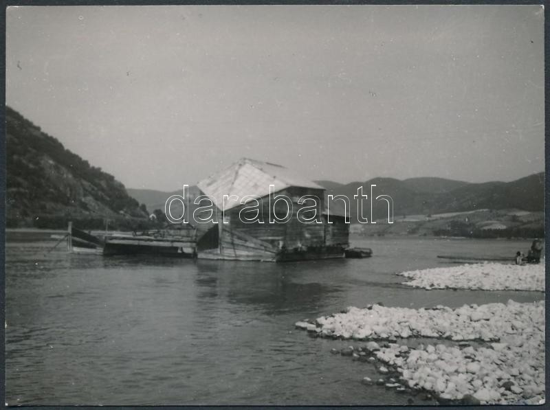 cca 1925 Vízre telepített hajómalom, vintage üveglemez negatív (4x6 cm) és az erről készült vintage nagyítás (8x11 cm), Kerny István (1879-1963) hagyatékából
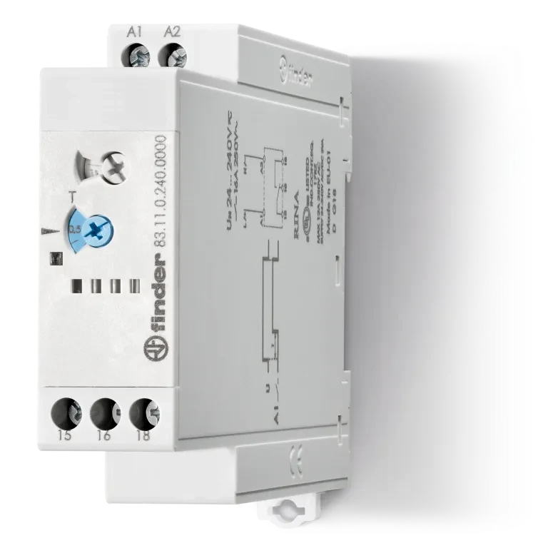 Type 83.11 is a modular timer, 22.5 mm wide, multi-voltage and single function with AI function (on-delay). · · · Mono-function · · Eight time scales from 0.05 s to 10 days · · On Delay · · Wide power supply range (24… 240) V AC/DC · · 22.5 mm wide · · 35 mm rail (EN 60715) mount · · “Blade + cross”: Both flat blade and cross-head screwdrivers can be used to adjust the range and function selectors, the timing trimmer, and to disengage the 35 mm rail clip · · Compliant with EN 45545-2: 2013 (protection against fire and fumes) and · · Compliant with EN 61373 (resistance to shock and vibration, category 1, class B) · · Compliant WithEN 50155 (resistance to temperature and humidity, class T1)
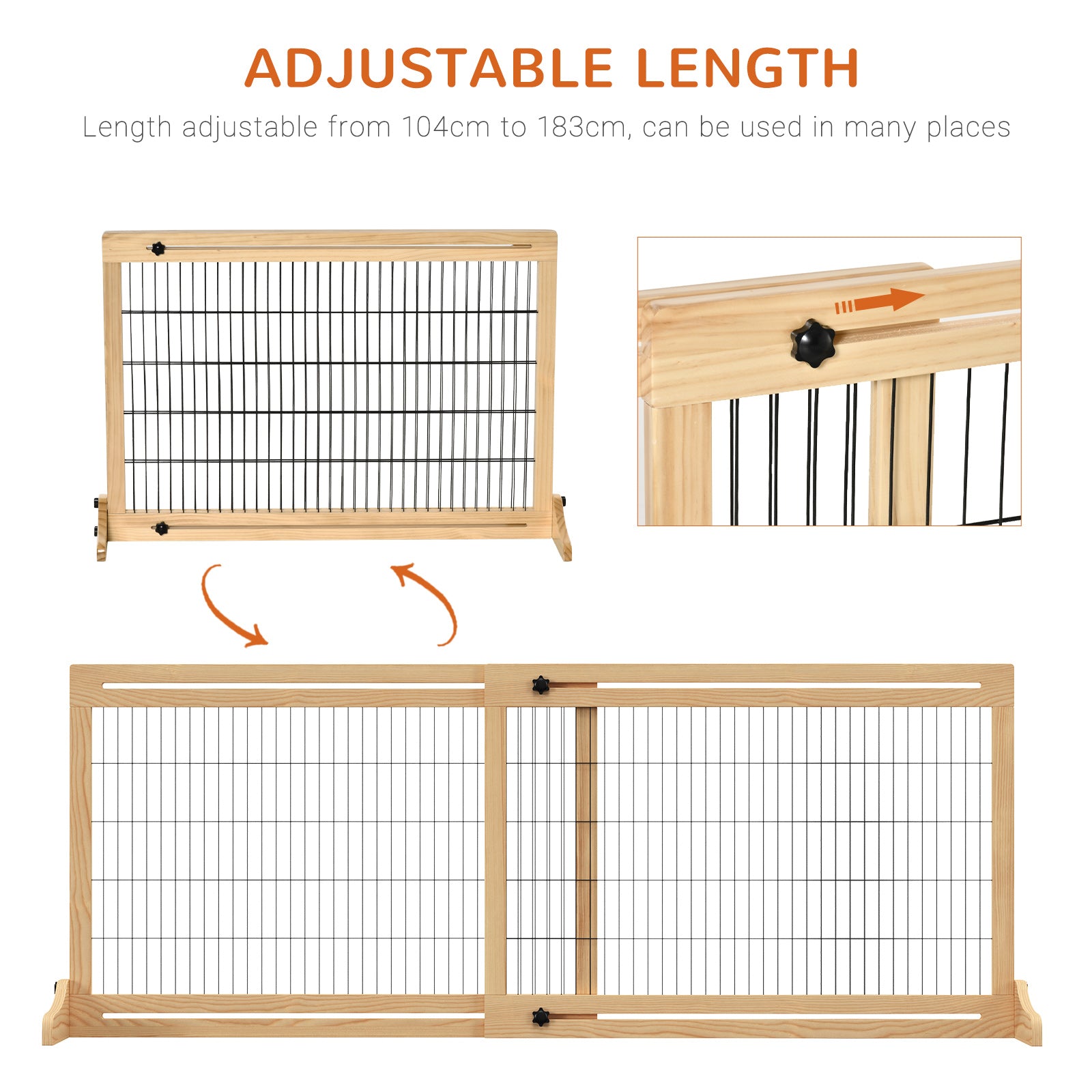 PawHut Adjustable Wooden Pet Gate, Freestanding Dog Barrier Fence with 2 Panels for Doorway, Hallway, 69H x 104-183 cm, Natural
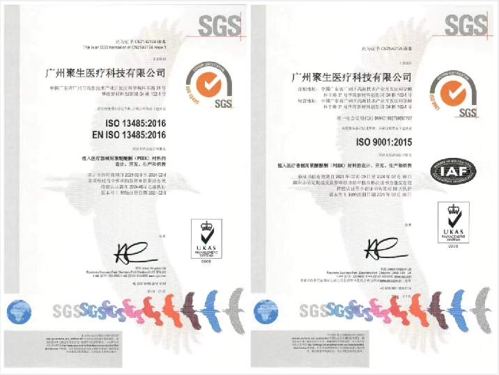 广州聚生建有符合GMP要求的十万级洁净生产车间,以确保植入级PEEK材料生产过程的洁净度。并且还通过ISO 13485和ISO 9001质量管理体系认证,拥有长期供应性能稳定、质量统一的植入级PEEK材料的能力。
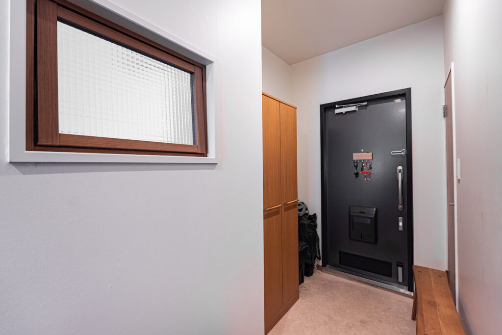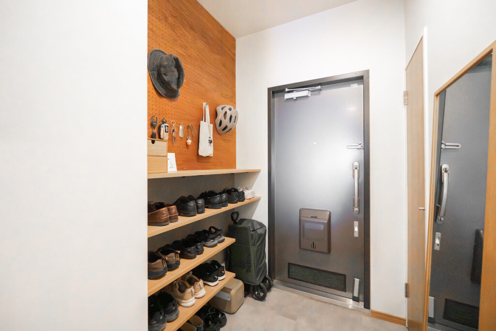 玄関框には、リアルな木目柄のダイノックシートを採用。もともとの框をそのまま活かしつつ、見た目の印象を大きく変える、コストを抑えたリメイクです。
※ ※ ※
● **Task details**: Drop the pictures and give every line above again exactly.

● **Expected answer**:
 cca 1925 Vízre telepített hajómalom, vintage üveglemez negatív (4x6 cm) és az erről készült vintage nagyítás (8x11 cm), Kerny István (1879-1963) hagyatékából
 Type 83.11 is a modular timer, 22.5 mm wide, multi-voltage and single function with AI function (on-delay). · · · Mono-function · · Eight time scales from 0.05 s to 10 days · · On Delay · · Wide power supply range (24… 240) V AC/DC · · 22.5 mm wide · · 35 mm rail (EN 60715) mount · · “Blade + cross”: Both flat blade and cross-head screwdrivers can be used to adjust the range and function selectors, the timing trimmer, and to disengage the 35 mm rail clip · · Compliant with EN 45545-2: 2013 (protection against fire and fumes) and · · Compliant with EN 61373 (resistance to shock and vibration, category 1, class B) · · Compliant WithEN 50155 (resistance to temperature and humidity, class T1)
 PawHut Adjustable Wooden Pet Gate, Freestanding Dog Barrier Fence with 2 Panels for Doorway, Hallway, 69H x 104-183 cm, Natural
 广州聚生建有符合GMP要求的十万级洁净生产车间,以确保植入级PEEK材料生产过程的洁净度。并且还通过ISO 13485和ISO 9001质量管理体系认证,拥有长期供应性能稳定、质量统一的植入级PEEK材料的能力。
 玄関框には、リアルな木目柄のダイノックシートを採用。もともとの框をそのまま活かしつつ、見た目の印象を大きく変える、コストを抑えたリメイクです。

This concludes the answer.